### Directions
Return the line that has "Registration is required." and all lines below it through the last, exactly as they stand; omit pictures.

◆ ◆ ◆ ◆ ◆ ◆ ◆

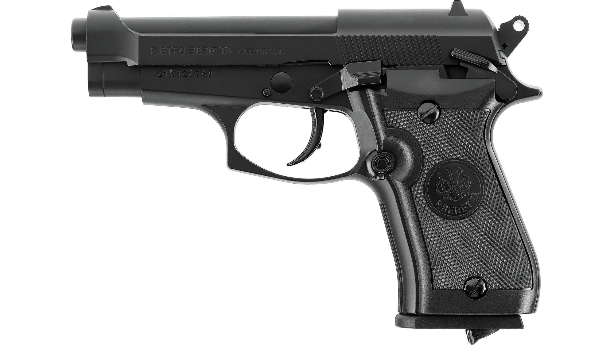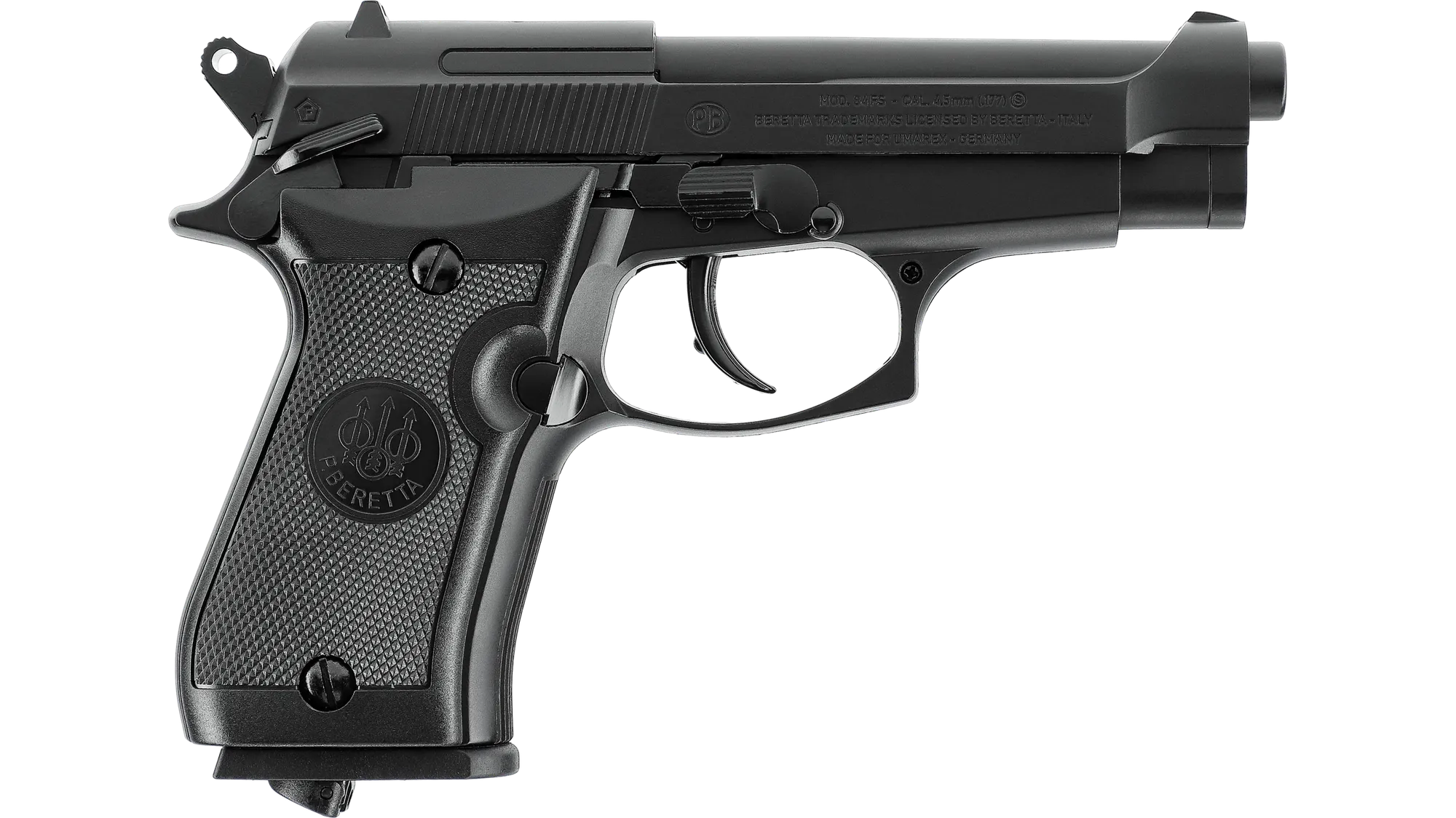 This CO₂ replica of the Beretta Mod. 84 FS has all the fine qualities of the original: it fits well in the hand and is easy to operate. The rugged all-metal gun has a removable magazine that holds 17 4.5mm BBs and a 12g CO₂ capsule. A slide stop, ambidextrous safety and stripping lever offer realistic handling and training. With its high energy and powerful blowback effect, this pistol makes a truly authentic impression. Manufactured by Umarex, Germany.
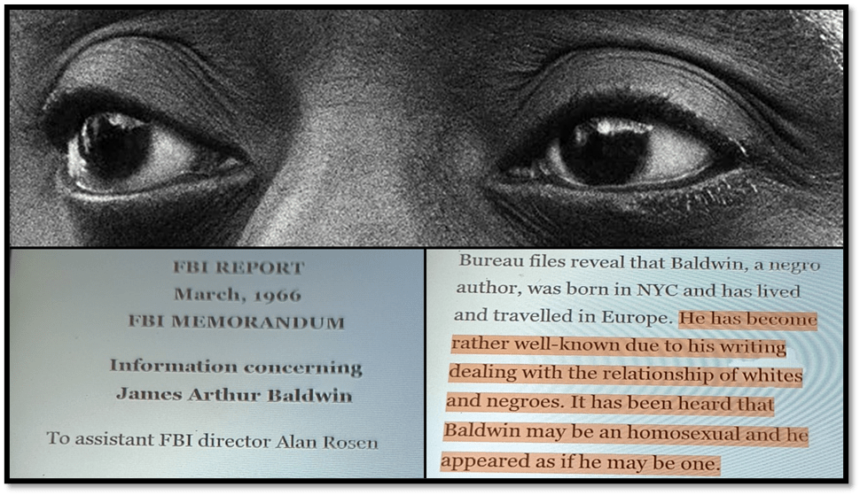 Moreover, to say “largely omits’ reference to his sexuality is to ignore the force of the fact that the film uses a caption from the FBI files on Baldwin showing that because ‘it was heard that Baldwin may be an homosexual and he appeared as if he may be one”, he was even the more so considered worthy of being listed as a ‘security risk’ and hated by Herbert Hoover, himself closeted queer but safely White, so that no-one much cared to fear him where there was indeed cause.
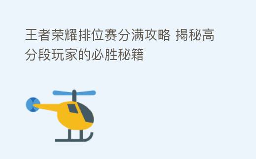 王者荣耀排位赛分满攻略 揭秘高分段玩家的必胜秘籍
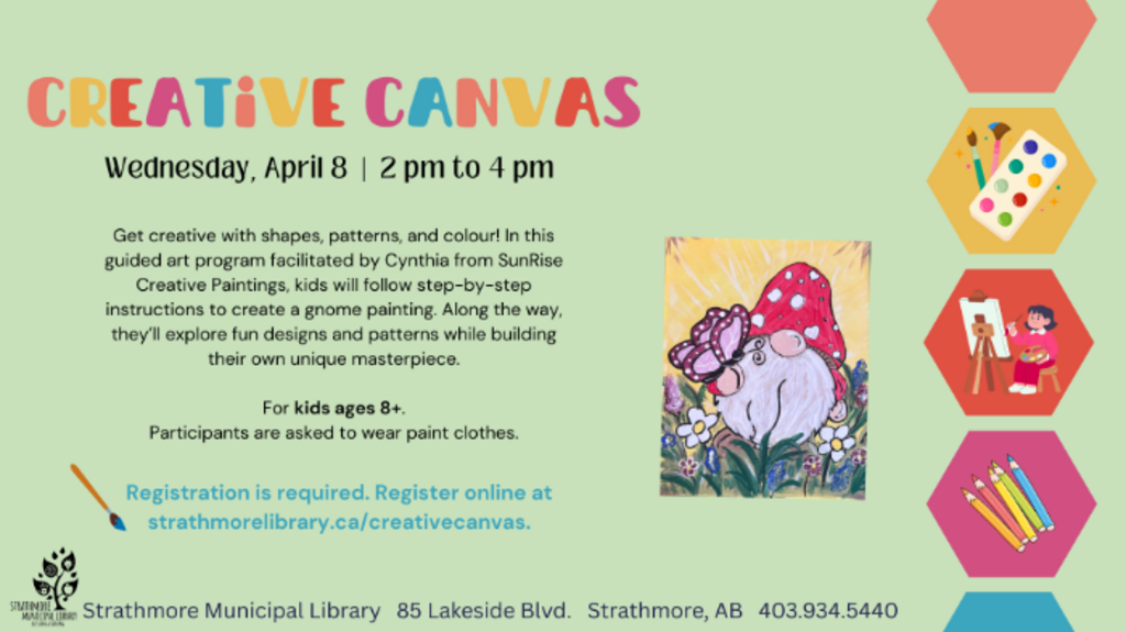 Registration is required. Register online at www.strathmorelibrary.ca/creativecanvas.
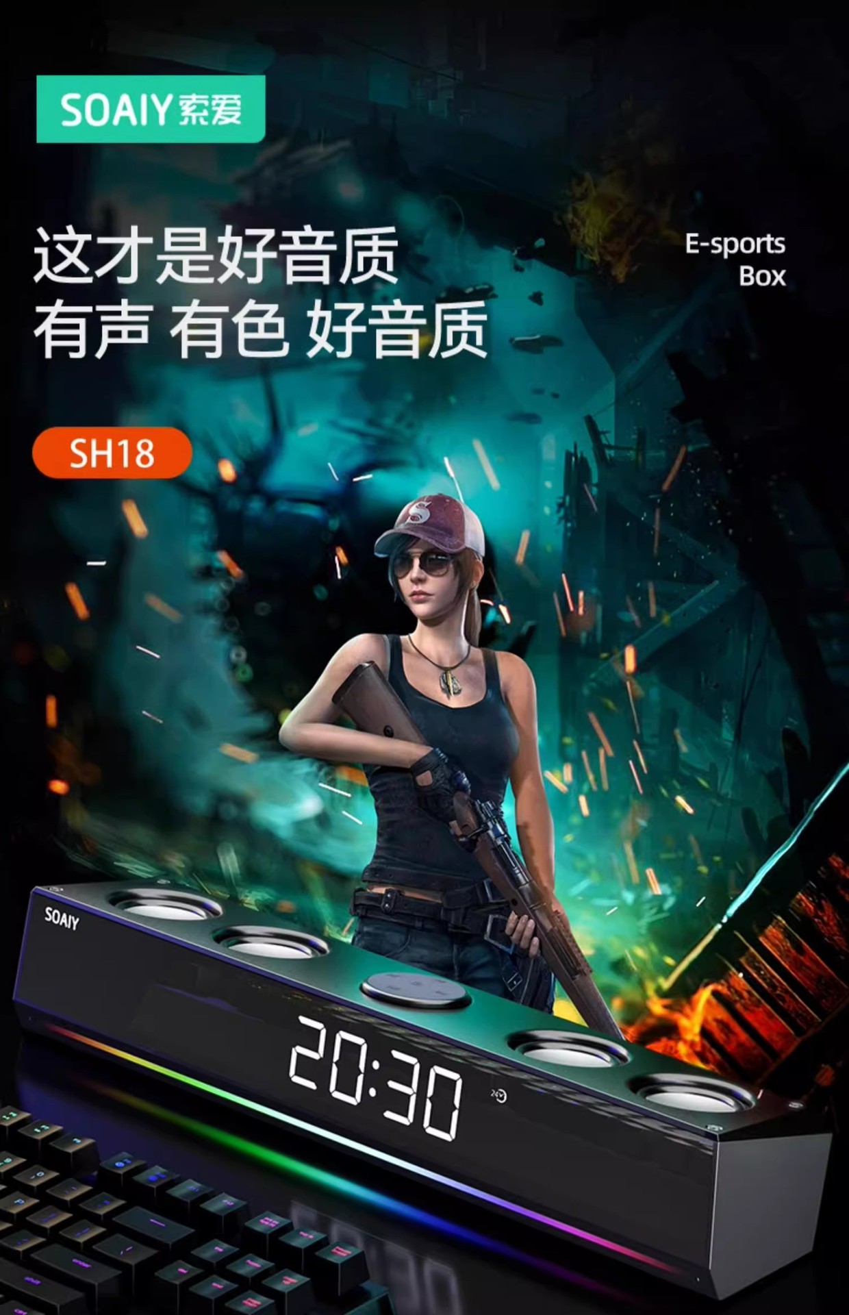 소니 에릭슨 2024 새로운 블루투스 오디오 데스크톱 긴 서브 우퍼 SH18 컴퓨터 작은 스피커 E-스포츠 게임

◆ ◆ ◆ ◆ ◆ ◆ ◆

### Result of the task
 Registration is required. Register online at www.strathmorelibrary.ca/creativecanvas.
 소니 에릭슨 2024 새로운 블루투스 오디오 데스크톱 긴 서브 우퍼 SH18 컴퓨터 작은 스피커 E-스포츠 게임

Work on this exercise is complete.